There is something specific about -time- when light has yet to emerge.
A unique suspension.
The quiet it holds.
A tangible liminality.
I think about writing.
The art of it.
I contemplate how I would describe the essence of the Dawn.
It’s energy and image, in words.
Translating the “sense” of something in a perfectly described form.
A described form that inspires and engages.
Engages and then holds captive.
Leaving the listener, a reader, wanting more.
Good writing is how to do that, well.
Various thoughts run along my mind, and I look outside over my garden.
When darkness envelops the green hues of nature, the colors look blue.
Gray blue. Silver Blue.
Darker shadows of blue-black, cast against the back fence.
My little grapefruit tree takes on a strange, distorted shape.
I think about perception.
How light (or the lack thereof) changes how we perceive things. Quite literally.

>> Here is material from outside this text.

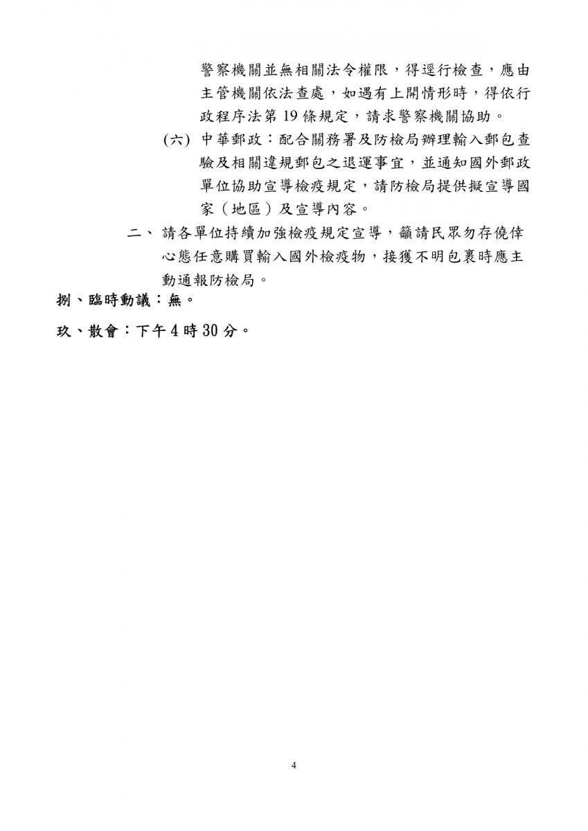 非洲豬瘟中央災害應變中心邊境管制暨宣導組110年第4次會議紀錄

But which side of perception is the correct one?
Are the leaves blue or are they green?
Neither.
I live in the deep South, where the humidity creates a particular kind of morning moisture. Moisture that clings heavily along windows.
I think of these bits of moisture as lingerings—like offerings from the Moon.
I smile because I love the Moon.
A flash of my grandmother and the scent of her home pops into my senses.
I pause. And take a deep breath in.
I think of the sounds and smells of brewing coffee from a dark kitchen.
I think of slippers. God, I love a good slipper, yet haven’t owned a pair in years. Why?
I see my grandmother smile.
The morning of Dawn holds a very unique energy.
I can feel it deep.
A tension. Stretched somehow.
Is the tension because it’s fleeting? Activating the sense of loss, already? Telling you to grasp and hold onto it for as long as possible?
Or is it simply the feeling of arrival? A new day. Energy waiting to be activated. Our daily dose of fresh starts and metaphorical rebirths.
Both.
Excitement and loss in one.
I think about stillness.
Slowness.
A collective calm.
Where most, still sleeping, are united and held captive in the other realms.
I see a wide, rolling river, flowing in singularity before it’s broken by the waking earth.
Rise and shine- rings through my left ear, and something about it is triggering.
No. I’m not ready to rise, nor shine…
Let’s linger here, in the dark early, for a while longer.
I decide to write.
A discipline I engage with daily.
Typically, in a journal.
But today it’s here, which I normally would never do, since “here” is a public forum.
Why would I share a writing so random, vague, and topic-wise irrelevant, publicly?
But then I think, maybe that is the relevance.
Exercising irrelevance as a form of trust building.
Not trust per a reader, but trust in the relationship to one’s own writing itself.
Does writing always need to prove something?
Provide people with something?
Can writing… just be?
My dark garden grows lighter. The blues begin to turn.
The rays of the Sun are emerging, and dawn starts to slip away.
I’m on my second cup of coffee, and my cat sleeps at the foot of my bed.
I think about this moment, captured.
Grabbing my journal, I begin to write on its pages.
Describing Dawn in just a few sentences.
I see my grandmother.
She’s standing outside her sliding glass door.
Wearing her morning housecoat.
Waving.


Beautiful descriptions. And get yourself some slippers!